Obviously, new data could have adjust those ranges, but no new data or math has come forward.
It's like checking to see if a car in in a garage by looking at 1 sqr. mete at a time. eventual you will show that there is, or is not, a car in the garage.
Re:No they can't (Score:5, Informative)
No that's the point; they can't check all the ranges.
The LHC is incapable of operating at the upper energies of the predicted spectrum of the higgs boson. It simply cannot check all of the places it might be hiding (this was known before construction even started)
Re:No they can't (Score:4, Funny)
And that is why I shouldn't post until I have completely woken up. I mean, you clarified it in your second sentence.
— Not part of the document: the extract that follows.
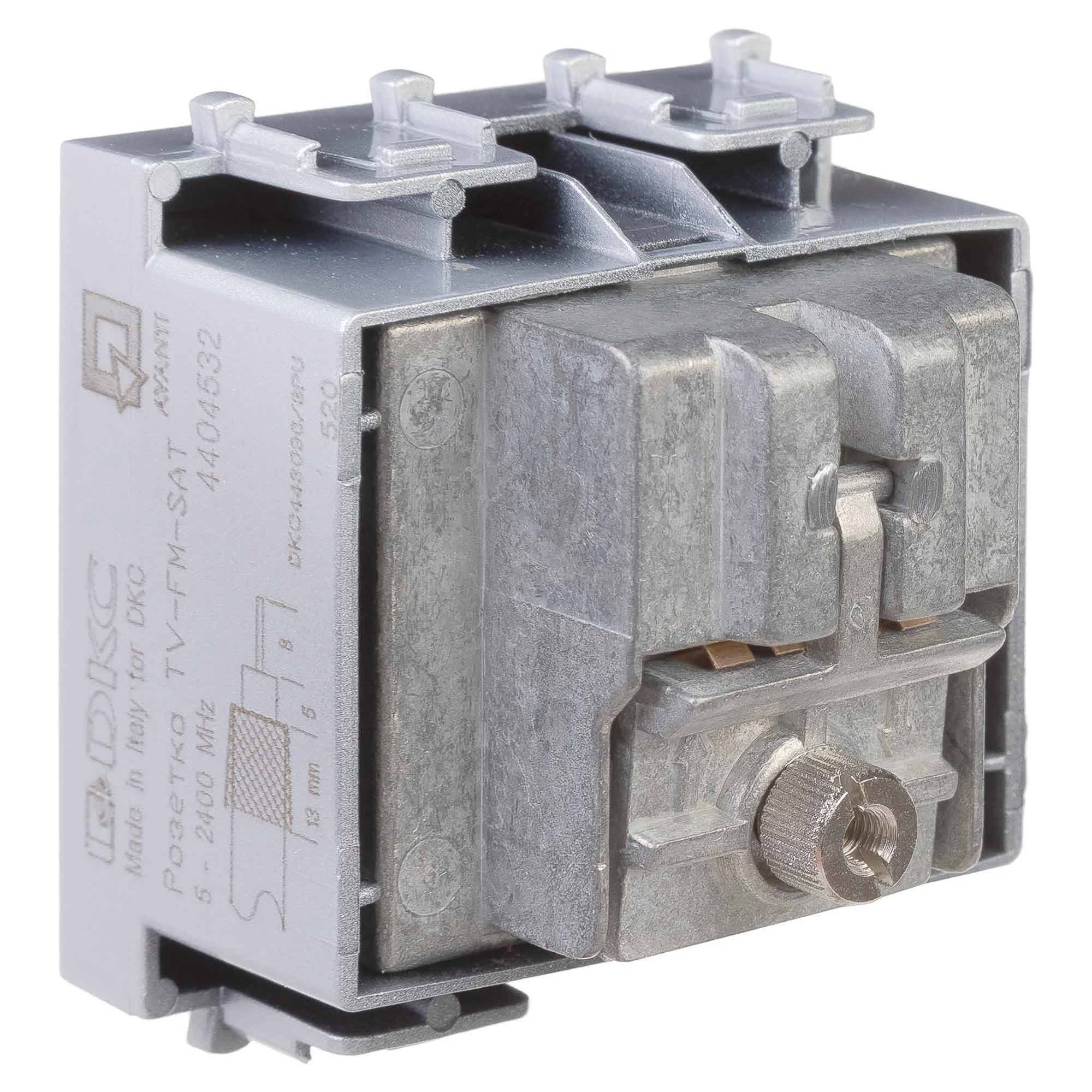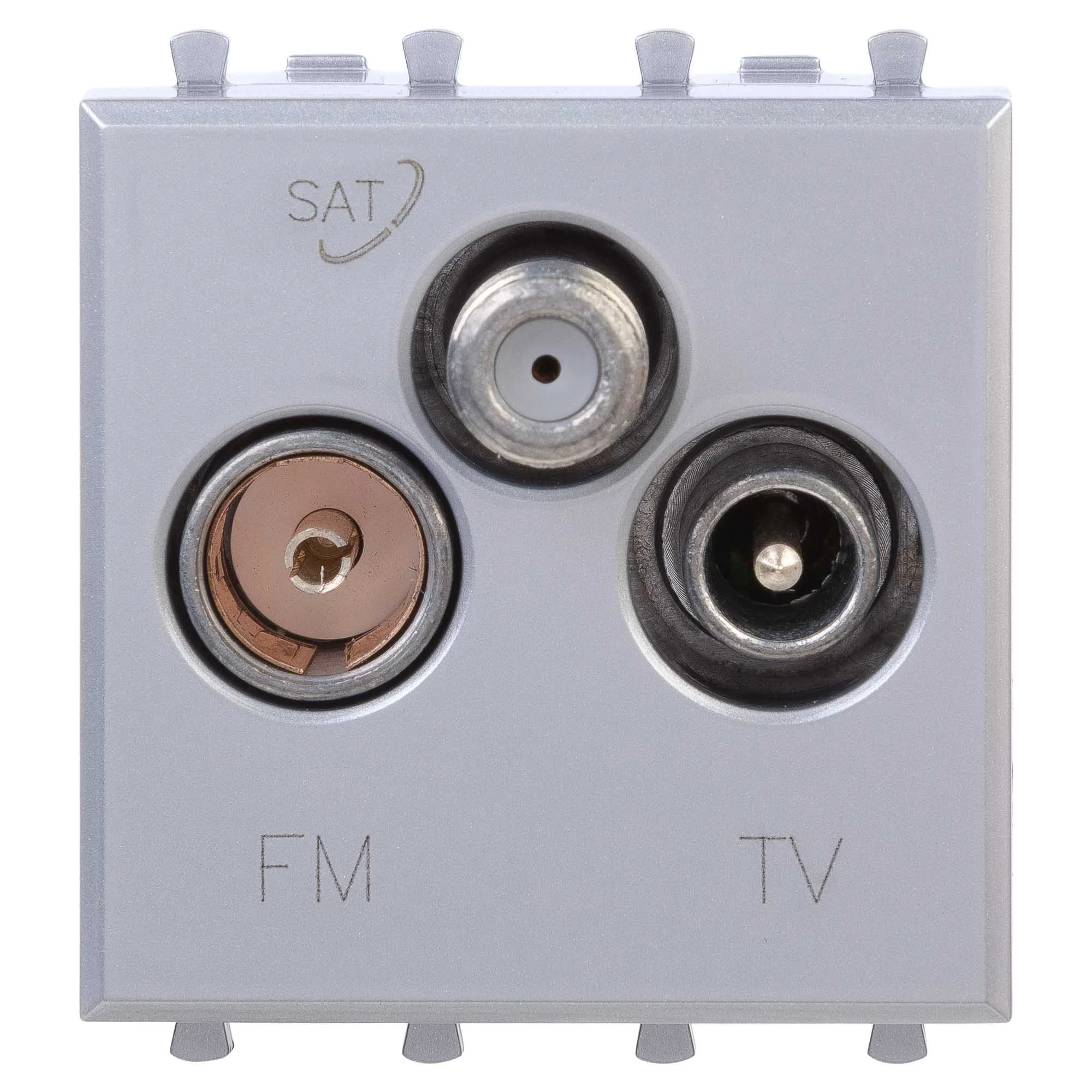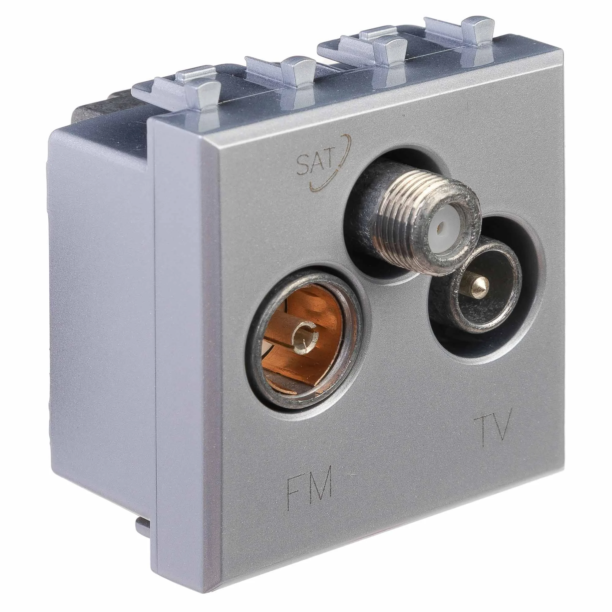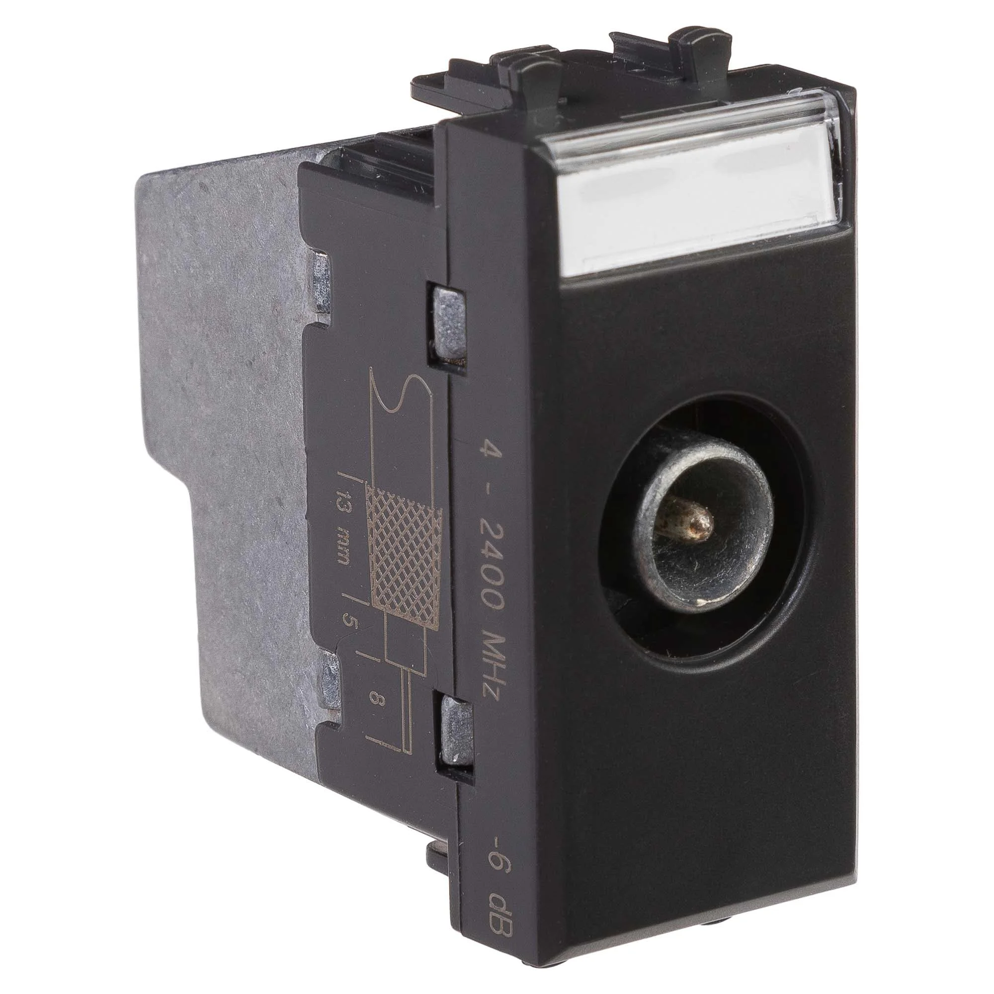 Розетка TV-FM-SAT модульная. Назначение: для монтажа в систему кабельных коробов «In-liner Front» и систему организации рабочих мест «Sotto» (алюминиевые кабель-каналы, колонны, башенки и лючки) при помощи рамок-суппортов и каркасов «Avanti» (код 4400912 и т.д.); подключение теле- и радиокабеля. Характеристики: винтовые зажимы; диапазон рабочих частот 4–2400 МГц; затухание

Sheeesh. Sorry about that.
Yes we can! (Score:5, Informative)
The LHC is incapable of operating at the upper energies of the predicted spectrum of the higgs boson.....(this was known before construction even started)
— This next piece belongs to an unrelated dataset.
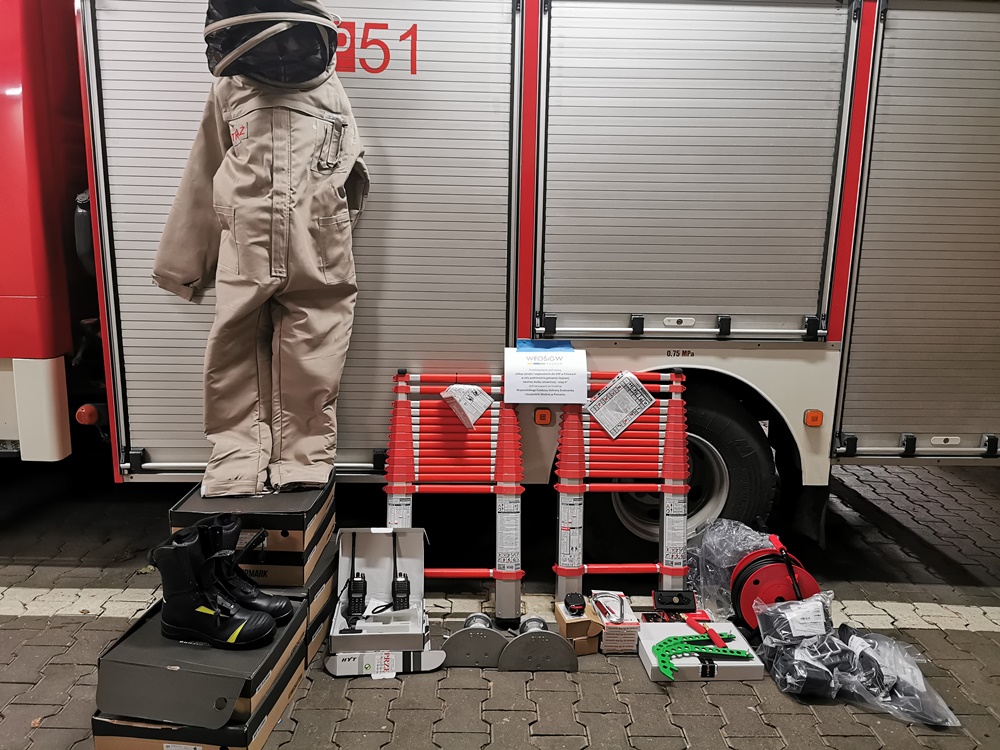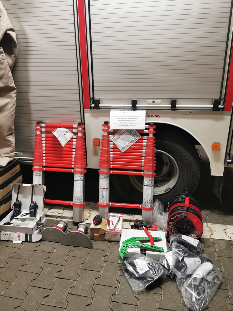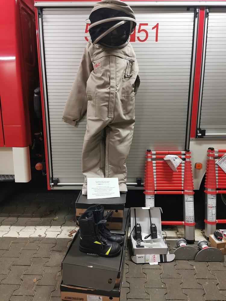 Ochotnicza Straż Pożarna w Pniewach wzbogaciła się o sprzęt i wyposażenie (kombinezon ochronny pszczelarski na szerszenie z rękawicami – 1 szt.; sygnalizator bezruchu – 2 szt.; pas strażacki z zatrzaśnikiem – 5 kpl.; nóż ratowniczy Rescue Columbia – 6 szt.; piła do cięcia szyb ręczna SAWCUT – 2 szt.; przedłużacz na zwijadle – 2 szt.; trójnóg ratowniczy TM 13 (dla ludzi) – 1 szt.; kurtyna wodna 52 – 2 szt.; radiotelefon HYT PD 565 – 2 szt.; buty strażackie Winner Basic – 6 par; środek pianotwórczy Roteor M 3% 200 kg – 2 opak.; drabina przenośna teleskopowa Telemaster – 2 szt.) zakupione w ramach projektu pn.: „Zakup sprzętu i wyposażenia dla OSP w Pniewach w celu podniesienia gotowości bojowej lokalnej jednostki ratowniczej – etap II” dofinansowanego z Wojewódzkiego Funduszu Ochrony Środowiska i Gospodarki Wodnej w Poznaniu. Beneficjentem projektu jest OSP w Pniewach. Całkowita wartość projektu to 24.700,00 zł. Dofinansowanie z WFOŚiGW wynosi 19.000,00 zł.

Sorry but we certainly are capable of probing the ENTIRE allowed mass range for the Standard Model Higgs. The upper bound is ~1 TeV/c2 because at this level, without the Higgs boson, some Standard Model processes e.g. e+e--->W+W- "break unitarity" i.e. have a more than 100% chance of happening. Since this is clearly wrong it means that the Standard Model without a Higgs breaks down. Hence we only have to cover up to 1 TeV/c2 in allowed mass and either we find the Higgs or at least see a clear deviation from the SM and possibly see what causes that deviation.
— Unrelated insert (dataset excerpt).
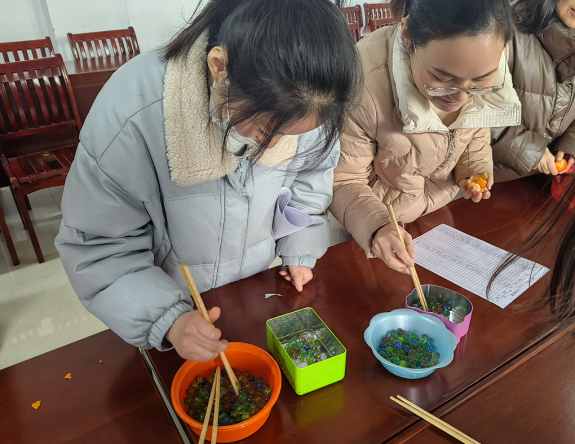 本次活动精心设置了掷飞镖、跳绳、夹弹子、踢毽子、筷子入瓶五大趣味项目,既兼顾运动的竞技性与趣味性,又注重参与的广泛性。平日里深耕讲台、伏案钻研的老师们纷纷变身赛场“达人”,现场瞬间成为欢乐的海洋。掷飞镖项目中,选手们屏息凝神、精准瞄准,一道道优美弧线勾勒出专注与从容;跳绳场上,轻盈的步伐伴随着欢快节奏,展现着教职工们蓬勃的生命力;夹弹子与筷子入瓶项目则考验着大家的耐心与细致,指尖的灵巧操作引来阵阵喝彩;踢毽子区域更是热闹非凡,彩色毽子在脚尖轻盈翻飞,时而高抛时而回旋,尽显功底与技巧。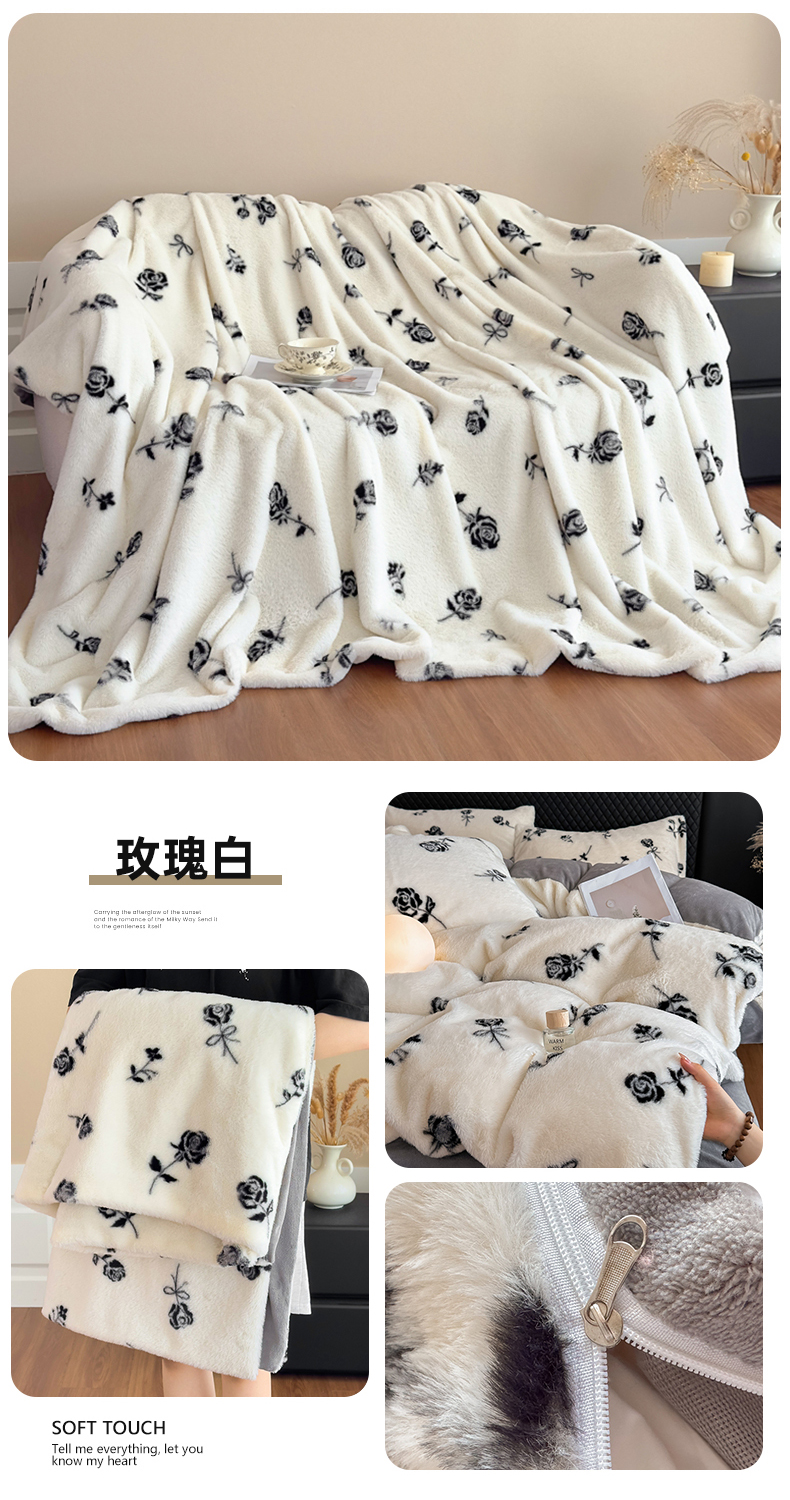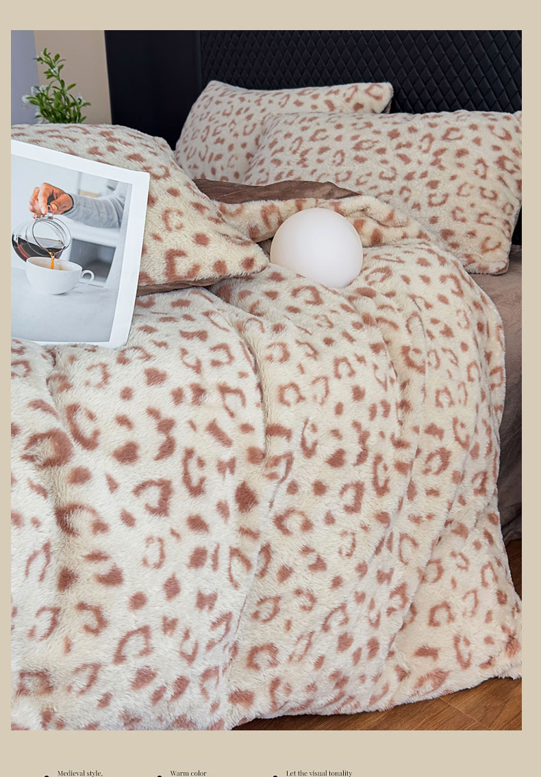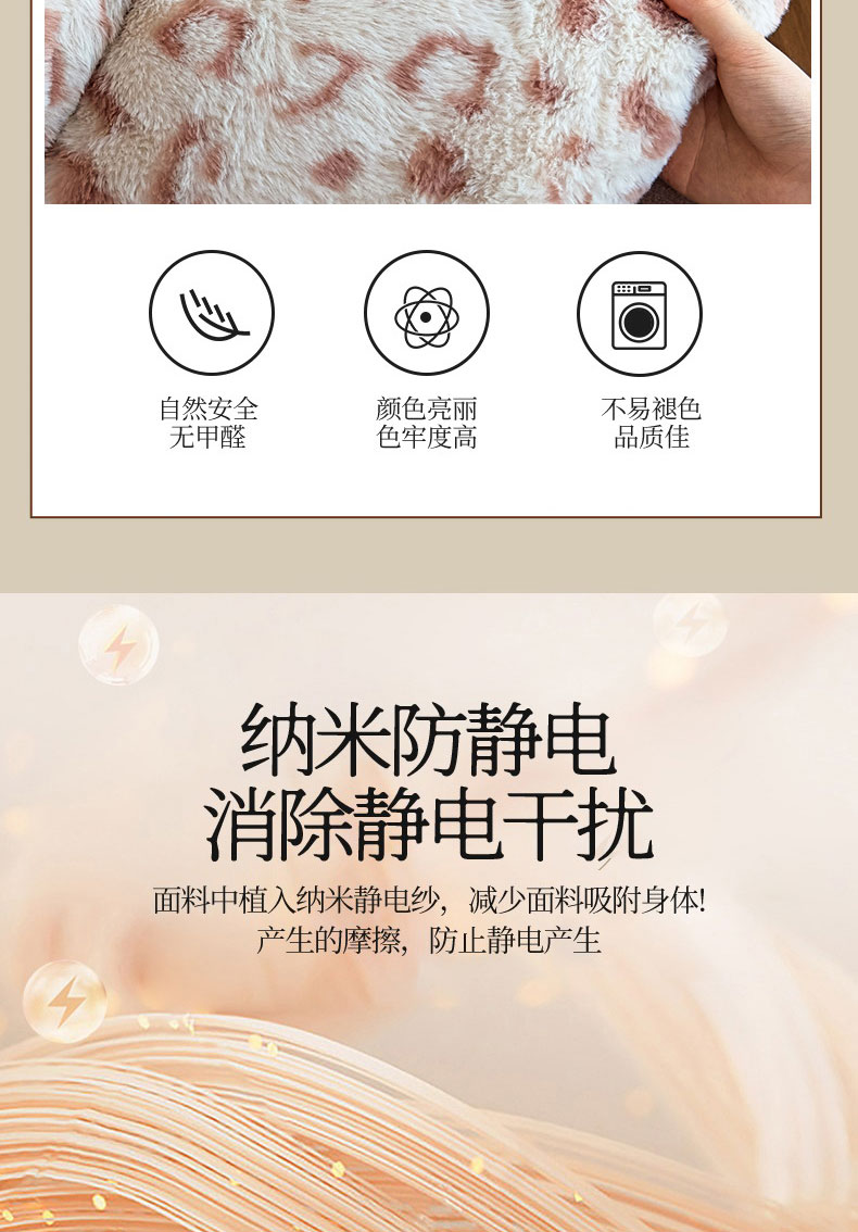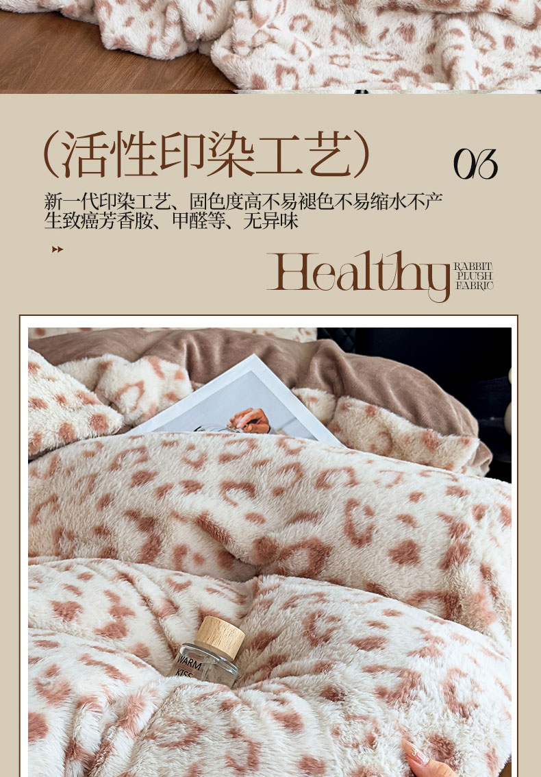 商品名称:璐维斯 2025新款A类兔毛绒双层多功能被套毯带拉链 卡通花卉牛奶绒毛毯秋冬保暖毯子盖毯 时尚豹纹

There are ways to hide the Higgs, so-called "invisible Higgs" models, but these all require physics beyond the Standard Model. Also you can fit the existing SM parameters to find a prediction for the Higgs mass and this indicates that it should be below ~200GeV/c2 with a 95% confidence - although I'd take this with a pinch of salt. Now to get to the high mass range we will certainly need the full LHC energy i.e. 14 TeV. We currently have 7 TeV but this is NOT what the LHC was designed to run at - we are just limited to this energy due to the superconducting power bar problems. So to say that it was known that we cannot reach the upper energies before construction even started is simply wrong - the LHC was specifically designed to cover the entire energy range and, once we reach the design energy, we'll be able to do just that....although it is looking like the Higgs is there just at the low end of the mass range.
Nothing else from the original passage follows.